Sitting out in the arid badlands of Arizona, up in in the Black Hills of Yavapai County between the cities of Flagstaff and Prescott is the town of Jerome. Founded in 1876 after claims were placed on large copper reserves in the area, Jerome sprung up out of the dry, cracked earth of these hills as a mining town, and at first was a mere dusty collection of ragtag tents. This would quickly change as more and more copper was found, as well as gold, silver, and zinc, and mining companies began to flock to the place, permanent structures were built at a steady clip, and the population quickly skyrocketed until this was a thriving boom town that would go on to boast a population of around 15,000 people in its heyday.
In order to entertain the thousands of miners and the ever growing population, numerous brothels, saloons, restaurants, and even opium dens began to sprout up here like weeds, and the town became rather notorious for its more unsavory elements and nafarious denizens. Indeed, in addition to its fame as a mining hotspot, Jerome also became equally infamous for its sprawling red light district and the large number of criminals, gamblers, and drug addicts crawling about, to the point that at one point it was once crowned as the “Wickedest City in the West” by newspapers of the era, a wretched hive of scum and villainy where you were just as likely to get shot, stabbed, or beaten as strike it rich.

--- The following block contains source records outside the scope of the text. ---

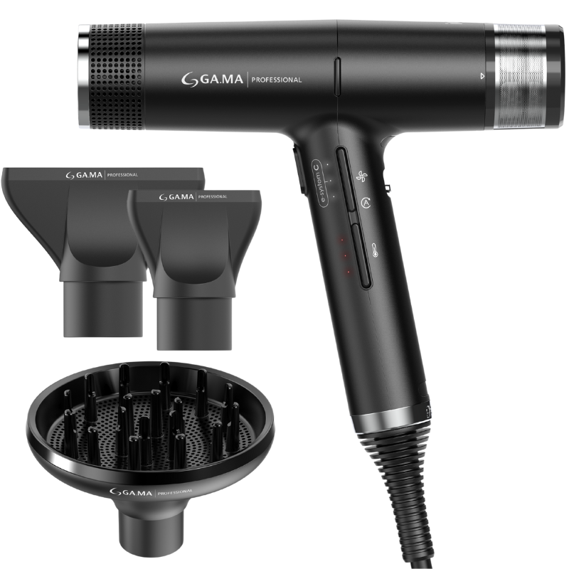 Oplev professionel hårpleje med GA.MA IQ1. Denne ultralette hårtørrer med en kraftfuld motor og Oxy Active-teknologi sikrer en skånsom og effektiv tørring. Perfekt til både salonbrug og luksuriøs styling derhjemme.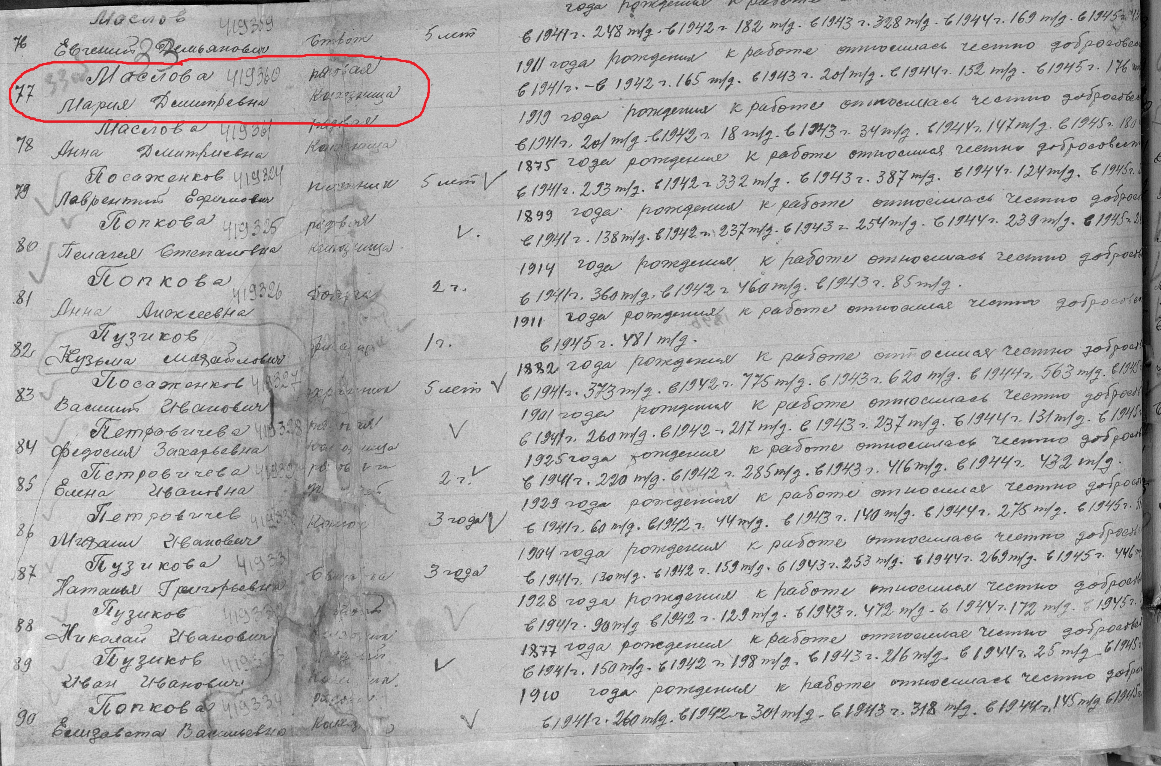 Маслова Мария Дмитриевна родилась в 1911 году. Место жительства: с.Ново-Шешминск Ново-Шешминский район ТАССР. В годы Великой Отечественной войны работала в колхозе «Красный Октябрь» рядовой колхозницей. Награждена медалью "За доблестный труд в Великой Отечественной войне 1941–1945 гг." (Акт от 28 апреля 1947 г, фонд 3610, опись 2, дело № 325, лист 33, № 419360).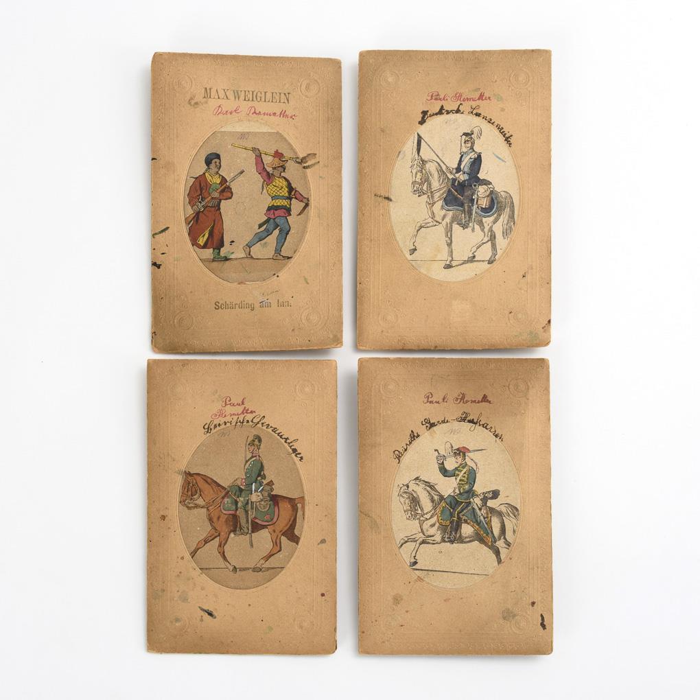 Similarly embossed cardboard covers with laminated colored lithographs of soldiers, 1x stamped "Max Weiglein, Schärding am Inn", each with handwritten owner's name and 3x titled: "German Lancers", "Prussian Guard Hussars", Bavarian Chevauleger", 1x Asian fighters. In the folding covers each soldiers (mostly horsemen) of embossed cardboard; partly colored and as shown on the cover. A total of about 42 pieces. Signs of age / wear, some missing parts on the soldiers.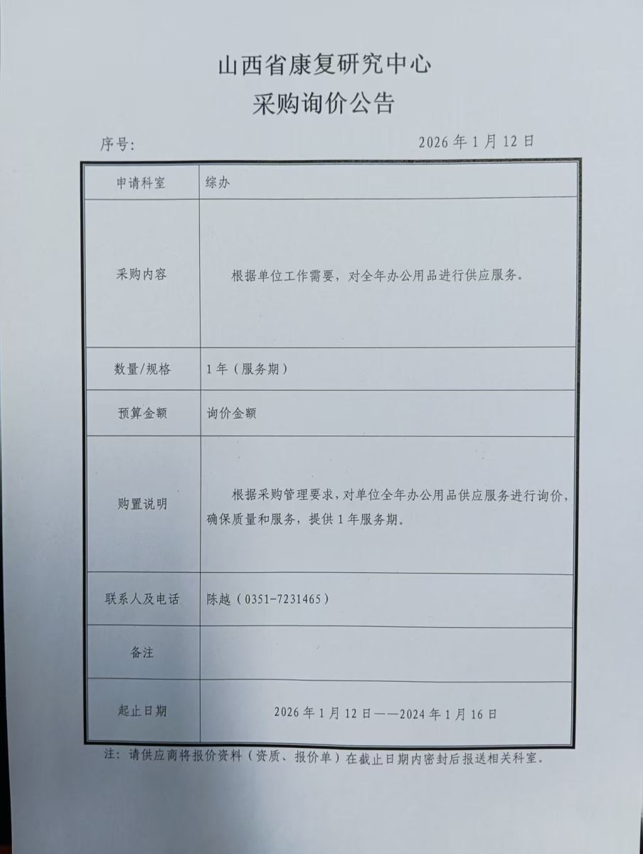 山西省康复研究中心采购询价公告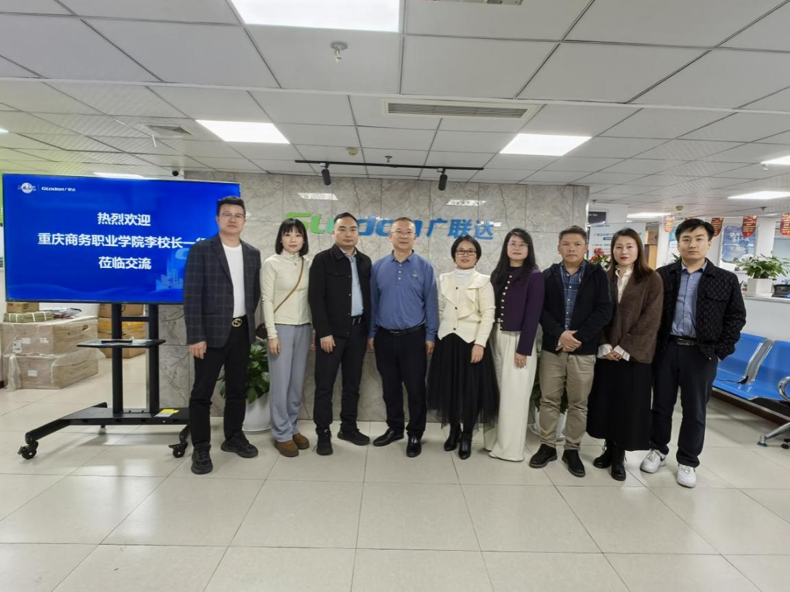 在广联达科技股份有限公司重庆分公司,公司教育事业部李明阳总经理介绍了公司的发展历程、核心技术产品以及在行业内的应用案例。校企双方围绕校企合作、AI赋能人才培养、城市更新等方面进行了深入交流。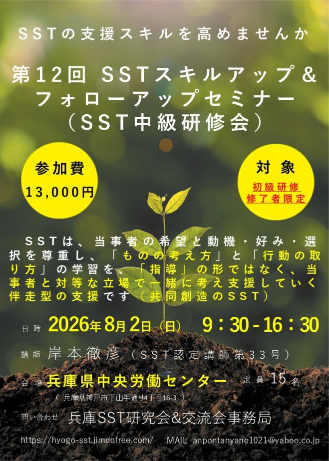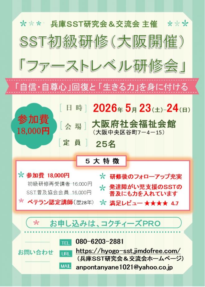病院(入院、デイケア)、訪問支援、成人障害者福祉、児童療育、放課後等デイサービス、学校教育、司法(更生保護)等におけるSSTの進め方の基本を学びます!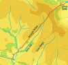 Follow this path across the heather. After just over half a mile the path dips down to cross over Bawderis Beck. Once over the back, the path climbs straight up towards an isolated cottage (currently being renovated). The path passes between the cottage and an older ruined cottage and then continues on through the heather. Follow this path until it reaches the Hawnby-Osmotherley road.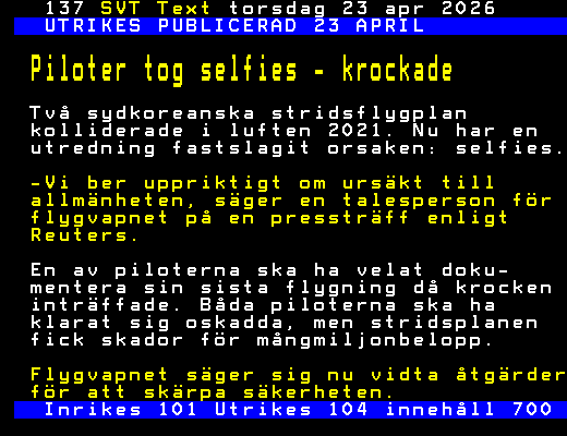 SVT Text Tors 23 Apr. 2026 UTRIKES PUBLICERAD 23 APRIL Piloter tog selfies - krockade Två sydkoreanska stridsflygplan kolliderade i luften 2021. Nu har en utredning fastslagit orsaken: selfies. -Vi ber uppriktigt om ursäkt till allmänheten, säger en talesperson för flygvapnet på en pressträff enligt Reuters. En av piloterna ska ha velat doku- mentera sin sista flygning då krocken inträffade. Båda piloterna ska ha klarat sig oskadda, men stridsplanen fick skador för mångmiljonbelopp. Flygvapnet säger sig nu vidta åtgärder för att skärpa säkerheten. Inrikes 101 Utrikes 104 innehåll 700 +Dela 12:49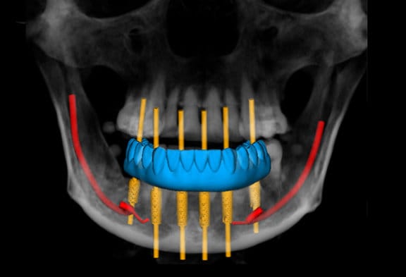 For our dental implant patients, Computer Guided Surgery is a new innovation that improves patient care, plain and simple. Computer Guided Surgery allows for exact planning before the patient ever starts the procedure. This technology helps us to do full arch reconstruction with precise implant placement and immediate temporization with the purpose of providing the patient with highest level of dental care possible. These cases consist of 4-6 implants per jaw. Once the placement is determined, the Surgical Guide and immediate prosthetics are fabricated. This technique allows us to perfectly replicated the procedure in the mouth, eliminating any source of error.

For all of its success and riches, it was not meant to last, and by the time of the Great Depression Jerome’s mines had begun to dry up, sending its residents to scatter away in search of greener pastures. By the 1950s the mines’ riches had all but vanished, the population nosediving until only between 50 and 100 souls called this dry husk of a place home. It seemed that this once flourishing town was now withered, gasping, and destined to die a slow death out under the desert sun. For the most part this is exactly what happened, the all-but abandoned town becoming a feral, windswept collection of crumbling ruins seemingly destined to be re-absorbed by the desolate landscape from which it had all sprung.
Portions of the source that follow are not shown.